Without AI and ML, utilization forecasting uses linear regression models to extrapolate and make predictions based on existing data. This method involves no consideration of newly allocated memory or anomalies in utilization patterns. Also, pattern recognition is a foreign concept. Although useful, linear regression models do not give IT admins complete visibility.

Utilization forecasting driven by AI and ML, on the other hand, utilizes seasonal-trend decomposition using the Loess (STL) method. STL allows you to study the propagation and degradation of memory, as well as analyze pattern matching, whereby periodic configuration changes in a metric will automatically be adjusted. In simple terms, STL dramatically improves the accuracy of AI/ML-driven forecasting thanks to those dynamic, automated adjustments. Moreover, if any new memory is allocated, or if the memory size is increased or decreased for a device, the prediction will change accordingly; this is not possible with linear regression.

To forecast utilization proactively, you need accurate algorithms that can analyze usage patterns and detect anomalies in daily usage trends—without generating any false positives. Let’s examine a simple use case.

With AI/ML-driven utilization forecasting, you can find a minor increase in your office bandwidth usage during the World Series, the FIFA World Cup, or other sporting events. Even if you have a huge amount of unused internet bandwidth, this anomalous usage can be detected.

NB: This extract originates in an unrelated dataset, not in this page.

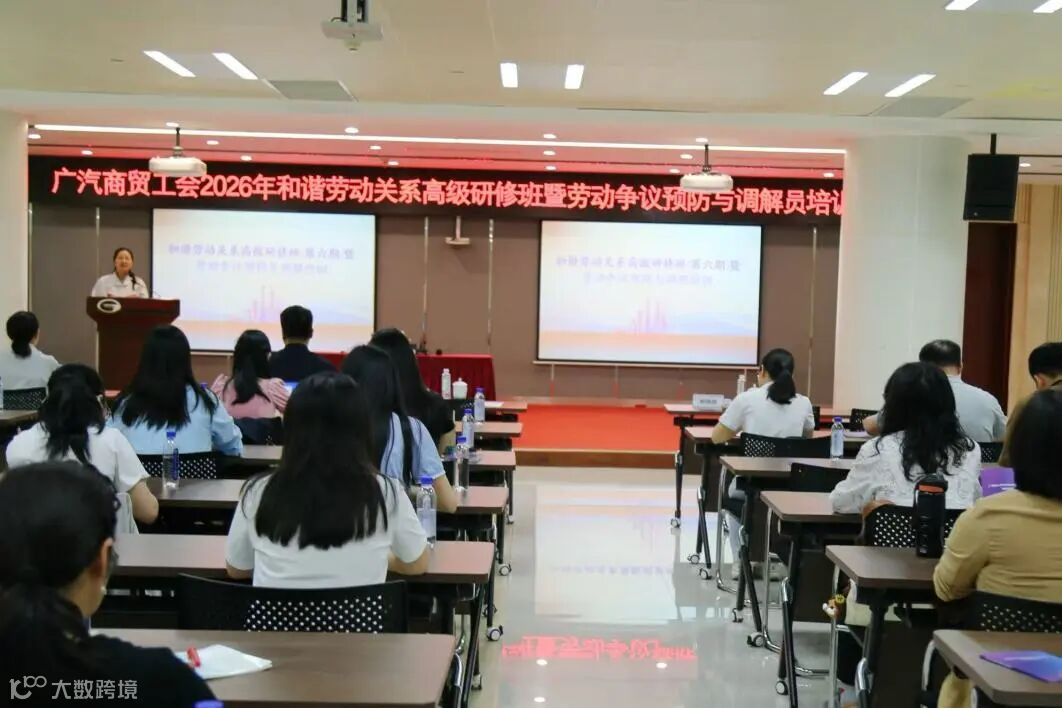 为进一步提升各企业劳动争议预防、调解与协商能力,切实维护职工合法权益,促进企业合规发展,推动构建和谐稳定的劳动关系,广汽商贸工会于4月14日开展2026年和谐劳动关系高级研修班暨劳动争议预防与调解员培训。广汽商贸本部及各投资企业工会专兼职干部,以及企业内从事劳动争议预防与调解工作的相关行政岗位人员合计50人参加本次培训。

Likewise, proactive utilization forecasting lets you know when to upgrade your infrastructure by factoring your business’ new recruitment and attrition rates. With AI aiding intent-based networking, the IT admin is the gamemaster as well as the umpire, well-equipped with an extra pair of artificially intelligent eyes, ready to spot violations. Fueled by AI-based forecasting techniques, an organization’s mean time to repair (MTTR) is also bound to reduce.

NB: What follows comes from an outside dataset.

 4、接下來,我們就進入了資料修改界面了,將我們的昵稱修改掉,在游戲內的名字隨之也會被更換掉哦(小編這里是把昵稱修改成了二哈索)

Data-Driven Decision-Making with AI/ML-Driven Utilization Forecasts

Incorporating AI-based forecasting consequently means fewer bottlenecks and increased productivity for IT admins. While previously there was a need for constant, manual network monitoring, AI and ML can now be used to generate a forecast report so an IT admin has a clearer picture of the usage levels of various devices in the network. AI can provide predictions that play a pivotal role in an IT admin’s evaluation process, thus eliminating possible human error or biases. In other words, ML coupled with human intervention is possibly the best way to go about making all important, resource-dependent IT decisions.

IT admins can get a helping hand from an AIOps-enabled network performance monitoring (NPM) tool that offers data-driven recommendations in terms of consumable data formats of only useful information. This results in less experience-based problem-solving and more data-influenced problem avoidance. An AIOps-enabled NPM solution can alert the IT admin in advance about possible performance degradation. AI/ML-based forecasting enables organizations to raise automated device procurement requests well in advance, plan their internet billing and IT infrastructure budget, know if they need to reduce their internet usage, and modify the allocation and reallocation of virtual memory as required. This essentially means you can roll out the solution to a networking issue before it even knocks at your data center’s door.

Beyond forecasting, ML can also be used to improve anomaly detection. Here, adaptive thresholds for different metrics are established using ML and analysis of historic data, revealing anomalies and triggering appropriate alerts. Furthermore, application and infrastructure monitoring functions will also be improved when enhanced with AI and ML technologies.

Perhaps in the not-too-distant future, AI/ML-driven forecasting and monitoring will rival the predictive powers of the fabled crystal ball.